_Given information_:
------------

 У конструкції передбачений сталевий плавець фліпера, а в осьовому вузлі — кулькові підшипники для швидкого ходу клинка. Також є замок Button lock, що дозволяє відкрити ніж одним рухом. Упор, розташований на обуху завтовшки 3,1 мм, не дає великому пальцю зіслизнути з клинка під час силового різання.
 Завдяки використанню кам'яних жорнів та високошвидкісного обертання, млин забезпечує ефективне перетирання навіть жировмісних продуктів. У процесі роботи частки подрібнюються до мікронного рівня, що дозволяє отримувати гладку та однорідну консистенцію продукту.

------------

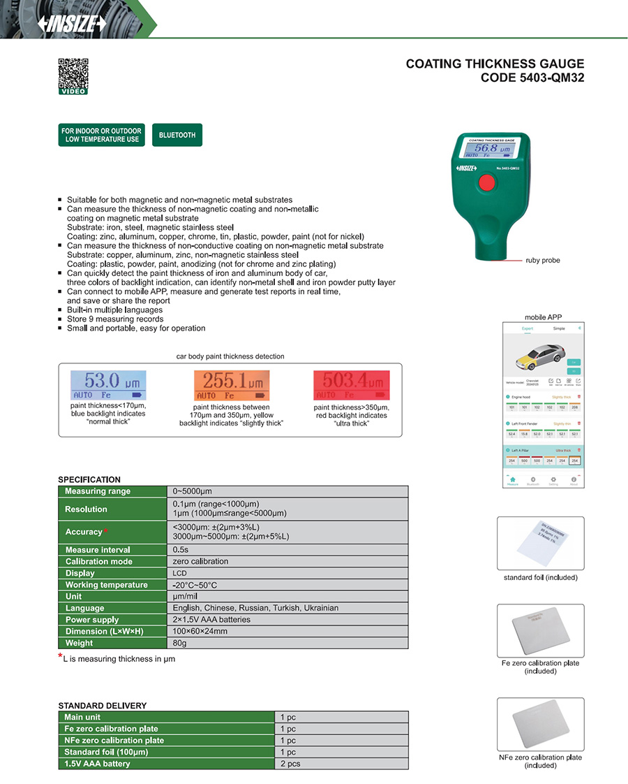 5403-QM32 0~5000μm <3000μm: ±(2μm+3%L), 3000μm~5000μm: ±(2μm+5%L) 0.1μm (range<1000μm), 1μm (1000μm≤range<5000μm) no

------------

_Task instructions_:
Scan the material for the string "дозволяє". Copy each line where it appears.

_Written solution_:
 У конструкції передбачений сталевий плавець фліпера, а в осьовому вузлі — кулькові підшипники для швидкого ходу клинка. Також є замок Button lock, що дозволяє відкрити ніж одним рухом. Упор, розташований на обуху завтовшки 3,1 мм, не дає великому пальцю зіслизнути з клинка під час силового різання.
 Завдяки використанню кам'яних жорнів та високошвидкісного обертання, млин забезпечує ефективне перетирання навіть жировмісних продуктів. У процесі роботи частки подрібнюються до мікронного рівня, що дозволяє отримувати гладку та однорідну консистенцію продукту.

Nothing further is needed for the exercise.